## Task instructions
With pictures left out, set down exactly the lines from the line containing "Wiertło stopniowe, stożkowe" through the last line of the data.

## Given records
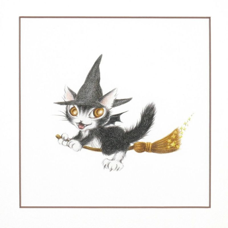 いたずらな悪魔のコンパクトな版画です。現物には、版画紙の余白に作家池田あきこの直筆サインとエディションナンバーが入ります。
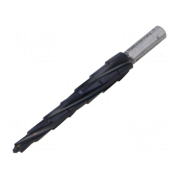 Wiertło stopniowe, stożkowe i wielostopniowe przeznaczone jest do wykonywania otworów o średnicach w zakresie od 6 do 12 mm. Narzędzie zostało wykonane ze stali szybkotnącej HSS pokrytej powłoką z azotku tytanu i TiALN, co wpływa na jego charakterystykę roboczą. Posiada 7 stopni oraz 3 krawędzie tnące, a jego całkowita długość wynosi 105 mm.
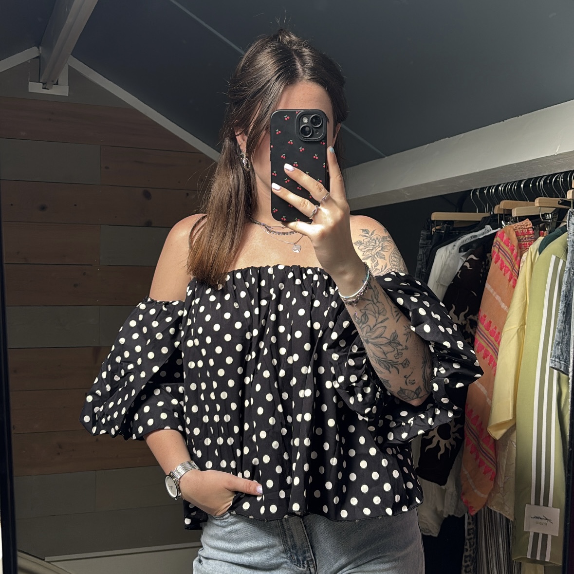 • Off-shoulder top met stippen
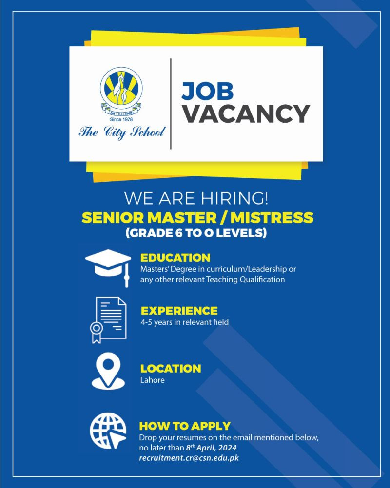 #TheCitySchool is looking to fill the position of Senior Master/Mistress (Grade 6 to O Levels) at their Campus in Lahore.
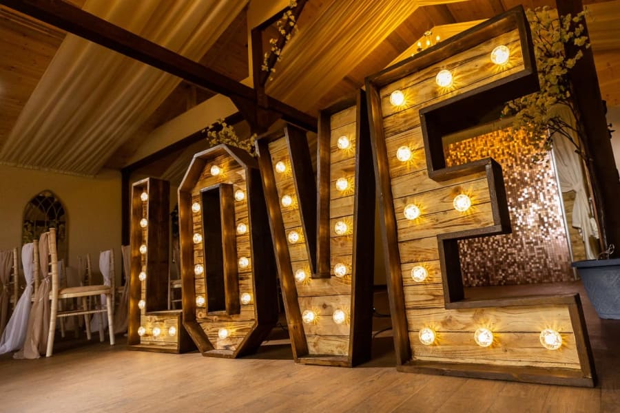 With our Rustic Love Light Up Signs in Essex, you can add a unique and memorable touch to your wedding. Elevate your venue styling and let love shine through these stunning illuminated letters. Our signs are not just decorations; they are a centerpiece, a photo opportunity, and a perfect way to light up your love story.
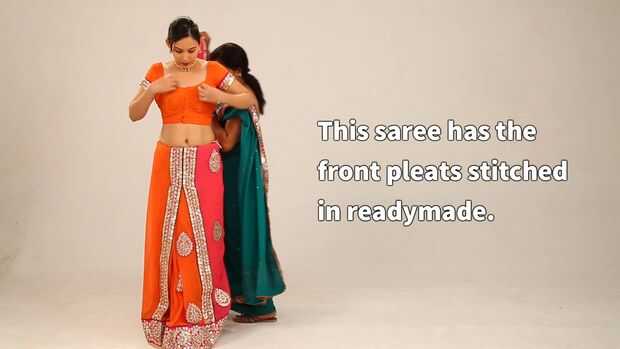 Esta sari tiene los pliegues frontales cosidos en Ready-Made. Poner alrededor de la cintura a la parte posterior, tuck completamente mientras haciendo lo mismo. Llevarla hacia el doblez delantero la sari.

## Result for this task
 Wiertło stopniowe, stożkowe i wielostopniowe przeznaczone jest do wykonywania otworów o średnicach w zakresie od 6 do 12 mm. Narzędzie zostało wykonane ze stali szybkotnącej HSS pokrytej powłoką z azotku tytanu i TiALN, co wpływa na jego charakterystykę roboczą. Posiada 7 stopni oraz 3 krawędzie tnące, a jego całkowita długość wynosi 105 mm.
 • Off-shoulder top met stippen
 #TheCitySchool is looking to fill the position of Senior Master/Mistress (Grade 6 to O Levels) at their Campus in Lahore.
 With our Rustic Love Light Up Signs in Essex, you can add a unique and memorable touch to your wedding. Elevate your venue styling and let love shine through these stunning illuminated letters. Our signs are not just decorations; they are a centerpiece, a photo opportunity, and a perfect way to light up your love story.
 Esta sari tiene los pliegues frontales cosidos en Ready-Made. Poner alrededor de la cintura a la parte posterior, tuck completamente mientras haciendo lo mismo. Llevarla hacia el doblez delantero la sari.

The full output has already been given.